YOUR OBJECTIVE — Where the line with "Исполнительный директор ПКО" appears below, start writing out lines exactly, and finish with the line with "von den großen", which is included; write out nothing else.

DATA PROVIDED —
◆ ◆ ◆ ◆ ◆

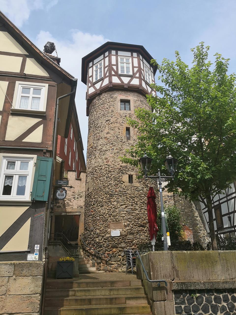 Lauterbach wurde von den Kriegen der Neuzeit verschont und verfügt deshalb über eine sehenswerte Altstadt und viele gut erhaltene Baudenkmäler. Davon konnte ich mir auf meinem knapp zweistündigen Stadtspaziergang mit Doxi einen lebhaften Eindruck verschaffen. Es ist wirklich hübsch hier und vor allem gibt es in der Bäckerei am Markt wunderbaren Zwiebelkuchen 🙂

◆ ◆ ◆ ◆ ◆

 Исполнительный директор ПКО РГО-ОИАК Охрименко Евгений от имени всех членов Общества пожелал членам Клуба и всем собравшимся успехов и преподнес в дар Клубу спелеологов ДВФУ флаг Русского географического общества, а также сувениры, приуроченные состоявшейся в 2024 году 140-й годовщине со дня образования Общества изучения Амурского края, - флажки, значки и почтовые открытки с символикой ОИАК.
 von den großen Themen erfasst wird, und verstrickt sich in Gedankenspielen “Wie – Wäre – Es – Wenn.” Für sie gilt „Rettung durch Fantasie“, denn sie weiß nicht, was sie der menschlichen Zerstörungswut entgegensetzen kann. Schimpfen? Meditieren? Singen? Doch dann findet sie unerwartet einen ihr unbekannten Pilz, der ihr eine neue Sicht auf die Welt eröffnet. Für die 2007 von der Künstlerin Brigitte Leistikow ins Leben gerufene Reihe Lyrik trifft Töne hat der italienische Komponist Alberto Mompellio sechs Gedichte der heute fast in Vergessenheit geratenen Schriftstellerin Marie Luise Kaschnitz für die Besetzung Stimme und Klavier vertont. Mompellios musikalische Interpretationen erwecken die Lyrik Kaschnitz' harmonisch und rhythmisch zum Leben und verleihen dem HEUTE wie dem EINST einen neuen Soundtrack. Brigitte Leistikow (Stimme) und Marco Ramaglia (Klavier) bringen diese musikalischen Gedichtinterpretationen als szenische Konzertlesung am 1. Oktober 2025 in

◆ ◆ ◆ ◆ ◆

RESULT OF THIS EXERCISE —
 Исполнительный директор ПКО РГО-ОИАК Охрименко Евгений от имени всех членов Общества пожелал членам Клуба и всем собравшимся успехов и преподнес в дар Клубу спелеологов ДВФУ флаг Русского географического общества, а также сувениры, приуроченные состоявшейся в 2024 году 140-й годовщине со дня образования Общества изучения Амурского края, - флажки, значки и почтовые открытки с символикой ОИАК.
 von den großen Themen erfasst wird, und verstrickt sich in Gedankenspielen “Wie – Wäre – Es – Wenn.” Für sie gilt „Rettung durch Fantasie“, denn sie weiß nicht, was sie der menschlichen Zerstörungswut entgegensetzen kann. Schimpfen? Meditieren? Singen? Doch dann findet sie unerwartet einen ihr unbekannten Pilz, der ihr eine neue Sicht auf die Welt eröffnet. Für die 2007 von der Künstlerin Brigitte Leistikow ins Leben gerufene Reihe Lyrik trifft Töne hat der italienische Komponist Alberto Mompellio sechs Gedichte der heute fast in Vergessenheit geratenen Schriftstellerin Marie Luise Kaschnitz für die Besetzung Stimme und Klavier vertont. Mompellios musikalische Interpretationen erwecken die Lyrik Kaschnitz' harmonisch und rhythmisch zum Leben und verleihen dem HEUTE wie dem EINST einen neuen Soundtrack. Brigitte Leistikow (Stimme) und Marco Ramaglia (Klavier) bringen diese musikalischen Gedichtinterpretationen als szenische Konzertlesung am 1. Oktober 2025 in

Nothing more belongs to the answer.